— What to work on —
An exact reproduction of the listing is wanted, with the pictures dropped.

— Given material —
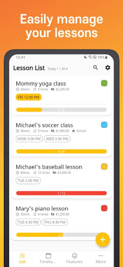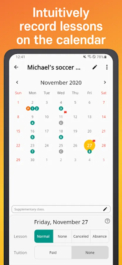 Lesson note are also useful for teachers. Teachers can intuitively manage many children's lessons at the same time and different tuition payment dates. Easily find the available time with the timetable.
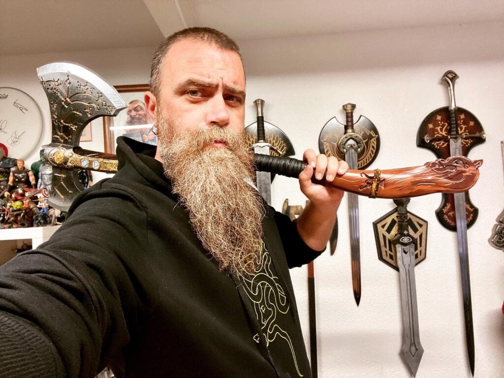Je travaille avec une vieille version de Photoshop, la 12….elle à quelques années mais je la connais par cœur, je connais tous les raccourcis donc je ne vois pas de raisons d’en changer. Je travaille sur mon PC et sur ma tablette. Quand je fais des croquis, c’est avec un stylo à bille et sur n’importe quel morceau de papier qui me tombe sous la main. Et ce qui m’amuse beaucoup c’est de m’inviter comme personnage dans mes illustrations, dès qu’il faut un gros barbu avec une hache, c’est moi même que je dessine.
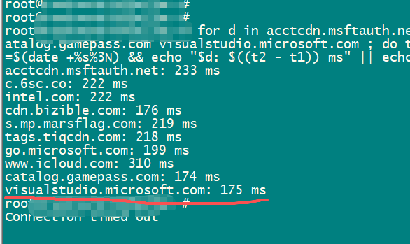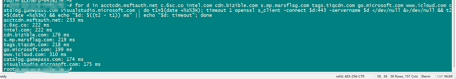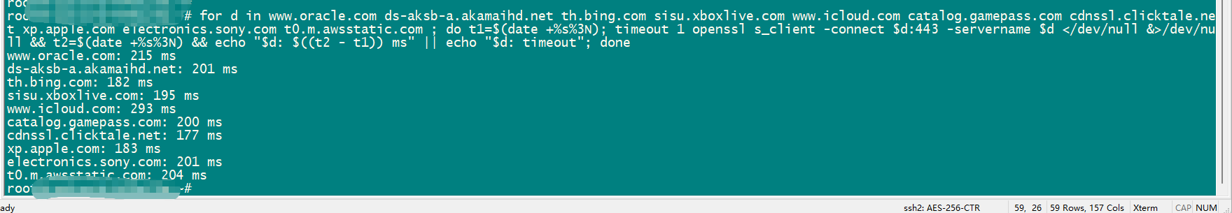 for d in www.oracle.com ds-aksb-a.akamaihd.net th.bing.com sisu.xboxlive.com www.icloud.com catalog.gamepass.com cdnssl.clicktale.net xp.apple.com electronics.sony.com t0.m.awsstatic.com ; do t1=$(date +%s%3N); timeout 1 openssl s_client -connect $d:443 -servername $d </dev/null &>/dev/null && t2=$(date +%s%3N) && echo "$d: $((t2 - t1)) ms" || echo "$d: timeout"; done执行结果如下:

— Written solution —
 Lesson note are also useful for teachers. Teachers can intuitively manage many children's lessons at the same time and different tuition payment dates. Easily find the available time with the timetable.
Je travaille avec une vieille version de Photoshop, la 12….elle à quelques années mais je la connais par cœur, je connais tous les raccourcis donc je ne vois pas de raisons d’en changer. Je travaille sur mon PC et sur ma tablette. Quand je fais des croquis, c’est avec un stylo à bille et sur n’importe quel morceau de papier qui me tombe sous la main. Et ce qui m’amuse beaucoup c’est de m’inviter comme personnage dans mes illustrations, dès qu’il faut un gros barbu avec une hache, c’est moi même que je dessine.
 for d in www.oracle.com ds-aksb-a.akamaihd.net th.bing.com sisu.xboxlive.com www.icloud.com catalog.gamepass.com cdnssl.clicktale.net xp.apple.com electronics.sony.com t0.m.awsstatic.com ; do t1=$(date +%s%3N); timeout 1 openssl s_client -connect $d:443 -servername $d </dev/null &>/dev/null && t2=$(date +%s%3N) && echo "$d: $((t2 - t1)) ms" || echo "$d: timeout"; done执行结果如下:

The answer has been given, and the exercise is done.